Luna-Diaz v. O.K. Foods, Inc., No. CIV-20-196-RAW, 2020 WL 5602840 (E.D. Okla. Sept. 18, 2020). Additionally, although the elements of a prima facie case are helpful in determining whether a plaintiff has alleged sufficient facts to support a claim, a plaintiff does not have to establish a prima facie case in the complaint. Davis v. BAE Systems Technology Solutions & Services, Inc., 764 F. App’x 741, 744 (10th Cir. 2019). The Court finds that certain of Plaintiff’s claims are sufficiently pled to avoid dismissal, while others are not. As noted above, Plaintiff asserts a claim for age discrimination under the OADA, which protects workers over the age of forty. Okla. Stat. tit. 40 § 1301 (defining “age discrimination in employment”). The Petition does not allege Plaintiff’s age, a fact pointed out by Defendant in its motion to dismiss. In response, Plaintiff relies on her EEOC charge to supply the missing factual allegation. In the EEOC charge, Plaintiff included her
birthdate, which indicates she is over forty-years old and, therefore, protected by Oklahoma’s anti-discrimination law as it applies to age. Defendant contends Plaintiff cannot rely on the EEOC charge without converting its 12(b)(6) motion into a motion for summary judgment under Rule 56. Generally, a district court must convert a motion to dismiss into a motion for summary judgment when matters outside the pleadings are relied upon. Fed. R. Civ. P. 12(b); Miller v. Glanz, 948 F.2d 1562, 1565 (10th Cir.1991). A motion to dismiss considers the conduct alleged in the complaint, whereas a motion for summary judgment considers the evidence (or lack thereof) upon which the allegations are based. Bell v. Fur Breeders Agric. Coop., 348 F.3d 1224, 1230 (10th Cir.2003). We have recognized however, that a document central to the plaintiff's claim and referred to in the complaint may be considered in resolving a motion to dismiss, at least where the document's authenticity is not in dispute. County of Santa Fe v. Pub. Serv. Co. of N.M., 311 F.3d 1031, 1045 (10th Cir.2002); GFF Corp. v. Associated Wholesale Grocers, Inc., 130 F.3d 1381, 1384 (10th Cir.1997).

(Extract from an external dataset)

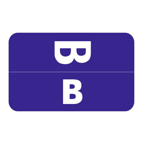 These are Tab/Smead ACC compatible letter “B” alpha labels. Each label wraps around the end of a file folder to label that folder for alphabetical filing. These labels feature a wrap-around solid royal blue bar and a white colored letter “B” printed on a red background. The letter “B” will be visible on each side of the folder when applied. Each label is 1″ wide and 1-5/8″ high. Labels are laminated and sold in rolls of 250.
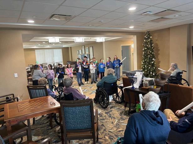Fifth graders sharing their voices and spreading Chanukah joy as they sing for the residents of Aviva Pembroke.

Utah Gospel Mission v. Salt Lake City Corp., 425 F.3d 1249, 1253–54 (10th Cir. 2005). Defendant argues the EEOC charge is not “central” to Plaintiff’s claims, because Defendant is not arguing lack of exhaustion or untimely exhaustion. The Court concurs with Defendant under the circumstances of this case, that Plaintiff has not sufficiently alleged discrimination on the basis of age because she did not allege she was part of the protected class in her Petition. The Court declines Plaintiff’s request that it consider the EEOC charge appended to her response to the Motion to Dismiss. See Douglas v. Norton, 167 F. App’x 698, 704-05, 2006 WL 137403, *6 (10 Cir. Jan. 19, 2006)(because the issue of exhaustion was not jurisdictional, the district court erred in not converting a motion to dismiss to a motion for summary judgment). Plaintiff’s age discrimination claim under the OADA is therefore dismissed. Plaintiff, despite not complying with the Court’s Local Civil Rule regarding the amendment of pleadings, is hereby granted leave to file an Amended
Complaint within ten days of entry of this Order to remedy this deficiency. As noted, Plaintiff alleges discrimination in violation of Title VII. Title VII of the Civil Rights Act of 1964 and the Oklahoma Anti-Discrimination Act prohibit employment discrimination based on gender and national origin. 42 U.S.C. § 2000e-2(a); Okla. Stat. tit. 25 § 1302(A)(1).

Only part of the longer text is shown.